Michael B. Woods, SLAC National Accelerator Laboratory
In September 2009, a graduate student working at SLAC suffered a laser eye injury while adjusting a polarizing beamsplitter being used with a femtosecond Ti:sapphire laser.1 The laser parameters were 800-nm wavelength, 100-fs pulse width, 1-kHz repetition rate and 100-mW beam power.
The polarizing beamsplitter, P1, was part of an optics configuration used for intensity control (Figure 1). During adjustment of the P1 optic, an unblocked reflected beam – the dashed beam in Figure 1 – hit the laser operator’s eye. Although the standard operating procedure document and the area warning signs specified that laser eyewear protection (LEP) was required for this work, the operator was not wearing any at the time of the accident, resulting in a small blind spot sustained in the peripheral vision region. Fortunately, the damage was relatively minor, but the incident could have resulted in significant vision impairment.
Figure 1. Optics configuration associated with the accident. DBS = dichroic beamsplitter; λ/2 = half- wave plate; o-ray = ordinary ray, and e-ray = extraordinary ray; and P1 and P2 = polarizers. Images courtesy of Michael Woods, SLAC National Accelerator Laboratory.

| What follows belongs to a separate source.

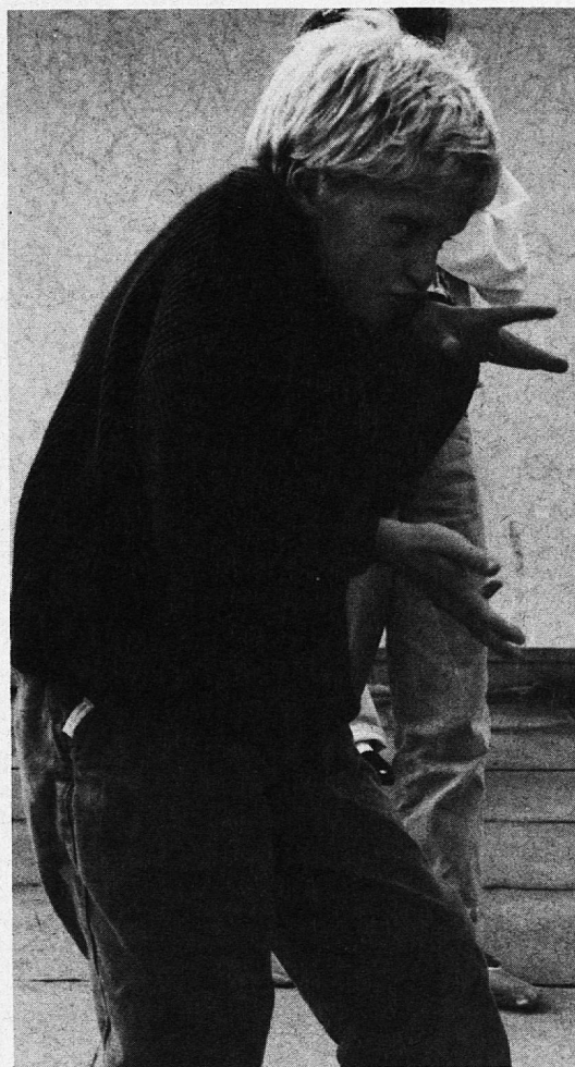
«Ich bin der freche Klapperstorch!»

Es geht nicht darum, gleich ein eigenes Theaterstück zu kreieren, oder Tanz und Theater als eigenes Schulfach zu propagieren. Vielmehr soll die Integration von Tanz und Theater in den Schulalltag eine Grundhaltung sein: Eine Grundhaltung, kreativ zu arbeiten, aus dem Innersten zu schöpfen, Individualismus zu fördern und das Kind statt den Stoff in den Mittelpunkt zu stellen. Vor allem aber

The P1 polarizer optic has three components: a polarizer cube, which has an escape window for the reflection of one polarization component (the polarizer transmits one of the two linear polarization states and reflects the other); a beam tube, which also has an escape window; and a rotation mount. The reflected beam from P1 was not used in the experiment, and, initially, the beam tube and polarizer were correctly secured in the rotation mount with the tube blocking the reflected beam.
The laser operator wanted good extinction capability for laser intensity control and needed the polarizer optics to be normal to the beam path. The operator observed the backreflection from P1 on a fluorescent card while wearing LEP but thought the position information was not precise enough because of a blooming effect resulting from saturation on the card. The operator removed the LEP to allow viewing of the backreflected beam on a white card. The operator also wanted to align the polarizer axis with a 0° marking on its rotation mount, and loosened the polarizer and associated beam tube in the rotation mount to allow this adjustment. While doing so, the escape windows for the polarizer and beam tube accidentally became aligned, allowing the unblocked reflected beam to come up out of the horizontal plane directly into one eye.
The direct causes of the accident were deficiencies in administrative alignment procedures, failure to wear LEP and deficiencies in engineering controls.
Two engineering controls, or configuration changes, that would have prevented the accident are: 1) using beam tubes with no escape window, and 2) using nonrotating mounts for the polarizing beamsplitters. The beamsplitters would then be mounted so that the reflected beam would be in the horizontal plane only (using λ/2 as needed to rotate the polarization vector of the incident laser beam).
Significant mistakes were made in administrative alignment procedures. Good alignment practices would include the following:
• For aligning an optic normal to the beam, choose a method where LEP is worn, such as centering an iris on the incident beam and using a CCD camera or IR viewer to see the backreflected beam from the optic being aligned.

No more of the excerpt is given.